Taking the line with "Не регистрируйтесь в" as the first and the line with "Rokan Hulu—Kapolda Riau" as the last, set down exactly every line in that range from the entries below, and no more.

--- Data to use ---

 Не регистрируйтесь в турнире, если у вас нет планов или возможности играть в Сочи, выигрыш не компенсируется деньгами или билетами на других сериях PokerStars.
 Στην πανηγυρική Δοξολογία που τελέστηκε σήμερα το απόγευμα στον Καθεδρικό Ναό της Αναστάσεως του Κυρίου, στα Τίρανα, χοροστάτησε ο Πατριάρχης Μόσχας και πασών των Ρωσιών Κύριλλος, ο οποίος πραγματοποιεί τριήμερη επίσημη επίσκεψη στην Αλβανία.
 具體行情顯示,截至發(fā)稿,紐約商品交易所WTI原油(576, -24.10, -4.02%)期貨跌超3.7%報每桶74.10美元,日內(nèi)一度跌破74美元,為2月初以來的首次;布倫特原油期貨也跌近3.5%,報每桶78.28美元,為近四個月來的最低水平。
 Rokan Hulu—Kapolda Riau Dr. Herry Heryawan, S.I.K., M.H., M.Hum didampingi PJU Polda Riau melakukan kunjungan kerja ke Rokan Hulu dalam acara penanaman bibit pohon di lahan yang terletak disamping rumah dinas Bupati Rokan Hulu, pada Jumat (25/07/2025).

---
--- Data to use ---

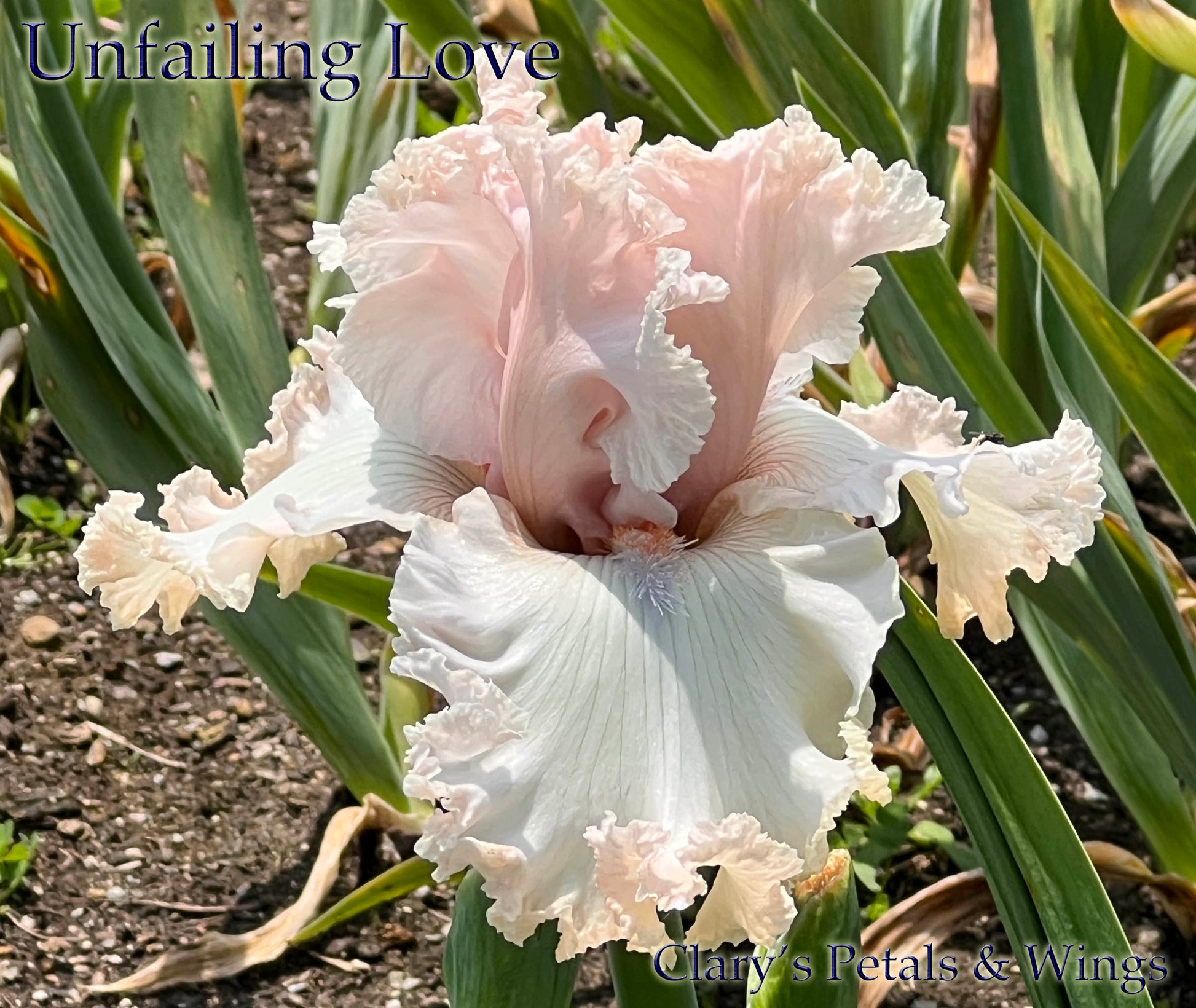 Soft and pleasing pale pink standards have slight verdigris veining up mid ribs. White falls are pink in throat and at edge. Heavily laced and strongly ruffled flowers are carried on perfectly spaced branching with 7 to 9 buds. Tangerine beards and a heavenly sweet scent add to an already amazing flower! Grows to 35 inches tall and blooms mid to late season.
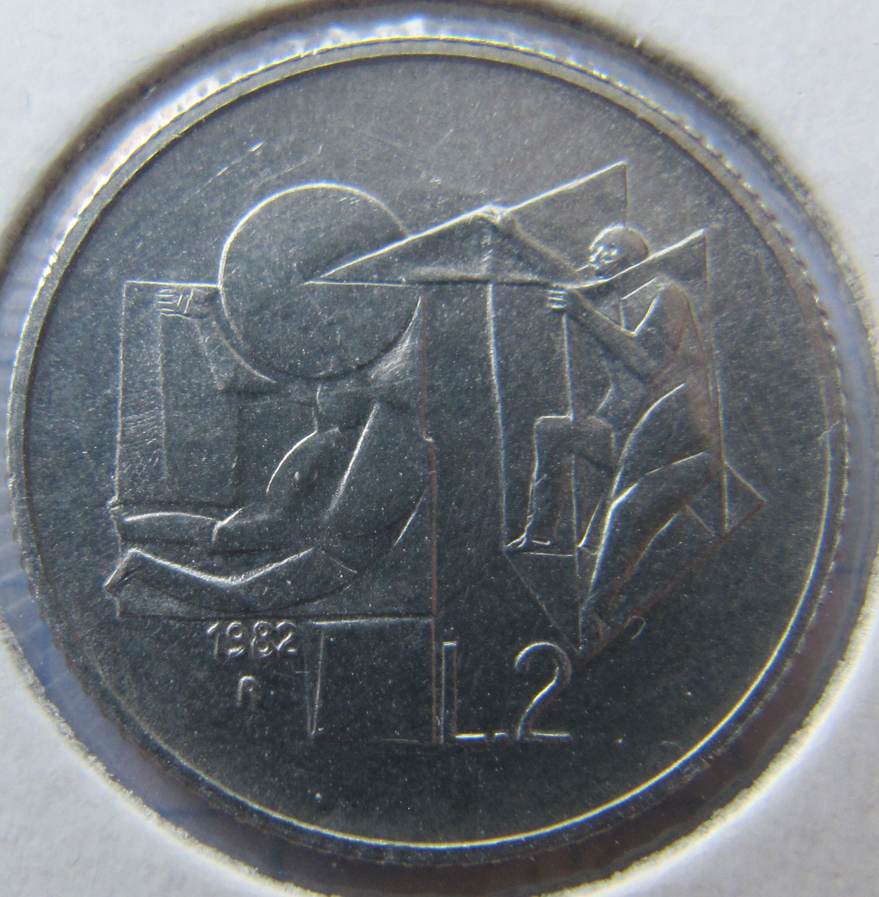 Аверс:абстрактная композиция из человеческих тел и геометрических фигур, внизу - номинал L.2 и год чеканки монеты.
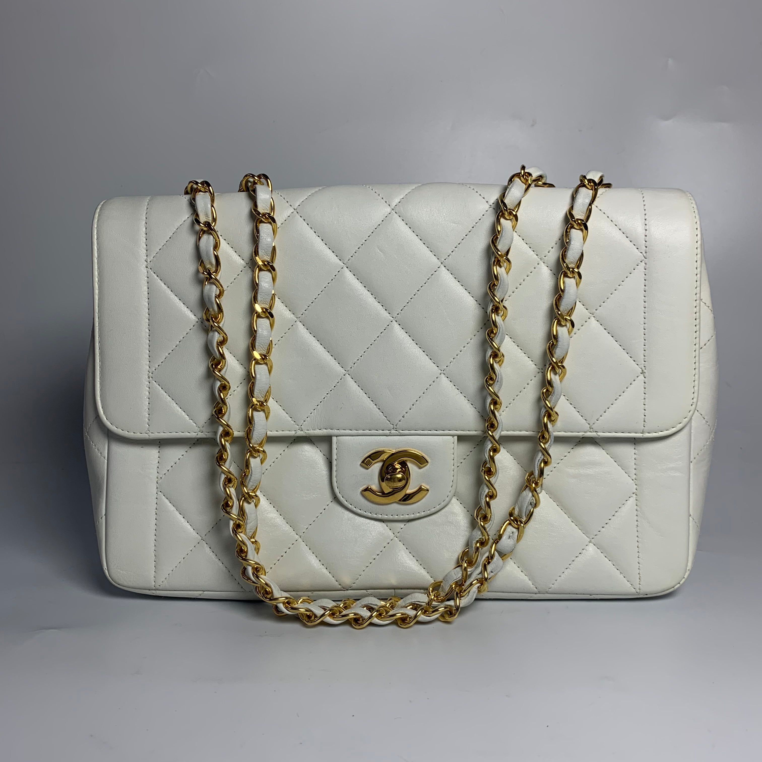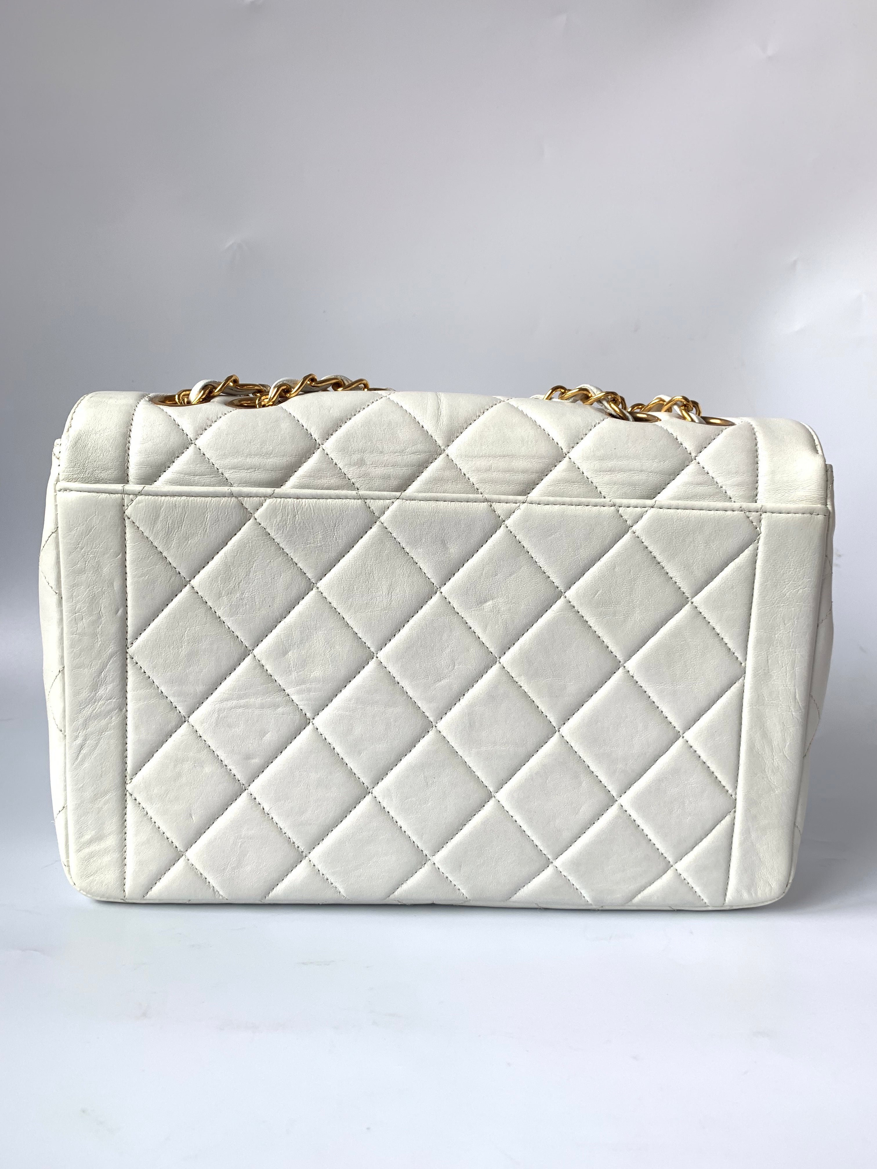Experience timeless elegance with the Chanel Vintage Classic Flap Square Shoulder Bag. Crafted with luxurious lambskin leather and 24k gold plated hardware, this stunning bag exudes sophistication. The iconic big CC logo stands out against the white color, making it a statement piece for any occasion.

---

*Problem solution*.
 Не регистрируйтесь в турнире, если у вас нет планов или возможности играть в Сочи, выигрыш не компенсируется деньгами или билетами на других сериях PokerStars.
 Στην πανηγυρική Δοξολογία που τελέστηκε σήμερα το απόγευμα στον Καθεδρικό Ναό της Αναστάσεως του Κυρίου, στα Τίρανα, χοροστάτησε ο Πατριάρχης Μόσχας και πασών των Ρωσιών Κύριλλος, ο οποίος πραγματοποιεί τριήμερη επίσημη επίσκεψη στην Αλβανία.
 具體行情顯示,截至發(fā)稿,紐約商品交易所WTI原油(576, -24.10, -4.02%)期貨跌超3.7%報每桶74.10美元,日內(nèi)一度跌破74美元,為2月初以來的首次;布倫特原油期貨也跌近3.5%,報每桶78.28美元,為近四個月來的最低水平。
 Rokan Hulu—Kapolda Riau Dr. Herry Heryawan, S.I.K., M.H., M.Hum didampingi PJU Polda Riau melakukan kunjungan kerja ke Rokan Hulu dalam acara penanaman bibit pohon di lahan yang terletak disamping rumah dinas Bupati Rokan Hulu, pada Jumat (25/07/2025).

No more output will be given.